People v. Pizzo

144 A.D.2d 930 | N.Y. App. Div. | 1988

Lead Opinion

Judgment reversed on the law, motion to suppress granted and new trial granted. Memorandum: The suppression court erred by denying defendant’s suppression motion because the observations of the police officers did not justify their initial approach of defendant’s vehicle. At the suppression hearing, the arresting officer testified that at about 2:00 a.m., while he was on routine patrol, he observed a vehicle in the parking lot of a shopping mall in the Town of Victor. There were two occupants in the car and the dome light was on. Although the mall closed at 10:00 p.m., a bar and restaurant in the mall remained open until at least 1:00 a.m., and there were a few other vehicles still parked in front of the bar. One of the occupants of the car got out on the passenger side and walked over to use a nearby public pay telephone. At this point, the officer approached defendant driver and asked for identification. The officer admitted that neither man was acting suspiciously prior to the approach. He stated that there was a high rate of burglaries in the Town of Victor.

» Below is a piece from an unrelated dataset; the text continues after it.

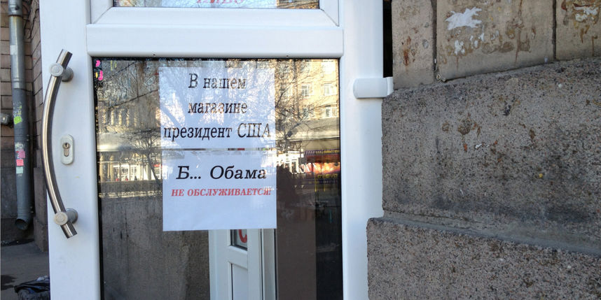 Напомним, Metro уже писало о московских бизнесменах, украсивших свои торговые точки подобными объявлениями, когда США объявили о введении санкций в отношении России после референдума в Крыму. Бараку Обаме запретили появляться в магазинах, ресторанах, пабах и даже аптеке.

Because the defendant’s vehicle was already stopped, the officer needed an articulable reason to make a reasonable inquiry (see, People v Harrison, 57 NY2d 470, 475; People v *931De Bour, 40 NY2d 210; People v Blajeski, 125 AD2d 582, lv denied 69 NY2d 877). In our view, the police did not articulate a reason sufficient to justify making even a brief inquiry. Defendant was sitting in his vehicle while his passenger made a telephone call at a pay phone. Although it was 2:00 a.m., a nearby bar had recently closed and there were other cars in the area. The officer observed no possible violations involving defendant’s vehicle, nor were the police in the process of investigating a specific crime. Therefore, the officer’s approach was based upon nothing more than "whim, caprice or idle curiosity” (People v De Bour, supra, at 217), and cannot be justified because the Town of Victor had a high burglary rate.

Assuming, arguendo, that the police had the right to make reasonable inquiry of the defendant, in this case, the scope of the ultimate intrusion far exceeded the "minimal” intrusion allowed for inquiry purposes. The police did not merely request information from defendant; they confiscated defendant’s birth certificate, registration, and insurance cards, thereby making it imposssible for defendant to leave, and kept him sitting in his vehicle for at least 10 minutes while they ran license and warrant checks. In our view, even if we conclude that the police action was "justified in its inception”, it was not "reasonably related in scope to the circumstances which rendered its initiation permissible” (People v De Bour, supra, at 215; see also, People v Harrison, supra, at 476).

All concur, except Boomer and Balio, JJ., who dissent and vote to affirm, in the following memorandum.






Dissenting Opinion

Boomer and Balio, JJ.

(dissenting). We respectfully dissent. The trial court did not err by refusing to suppress physical evidence taken from defendant’s vehicle following an inventory search. The police were justified in approaching defendant’s vehicle for the purpose of seeking information (People v Brown, 116 AD2d 727). When defendant, who was sitting in the driver’s seat, failed to produce a driver’s license, further detention was warranted while police checked to determine whether he was a licensed operator (People v Brown, supra; see also, People v Stith, 124 AD2d 342, mod on other grounds 69 NY2d 313). The subsequent stop of the vehicle on the public highway was justified because police then reasonably believed that defendant was operating the vehicle without a license (People v Ingle, 36 NY2d 413; People v McLaurin, 120 AD2d 270, affd 70 NY2d 779). Shining the flashlight into the interior of the vehicle was not an unreasonable intrusion (People v Cruz, 34 NY2d 362, 370, rearg granted and opn amended 35 NY2d 708; People v Allah, 131 AD2d 765, lv denied 70 NY2d *932797). The search of defendant was incidental to his arrest, and defendant consented to a search of the trunk of his vehicle. The inventory search of the entire vehicle, conducted after the arrest of defendant and another occupant of the vehicle, was proper and was not a pretext for an investigatory search. (Appeal from judgment of Ontario County Court, Henry, J.— burglary, second degree, and other charges.) Present — Doerr, J. P., Boomer, Pine, Balio and Davis, JJ.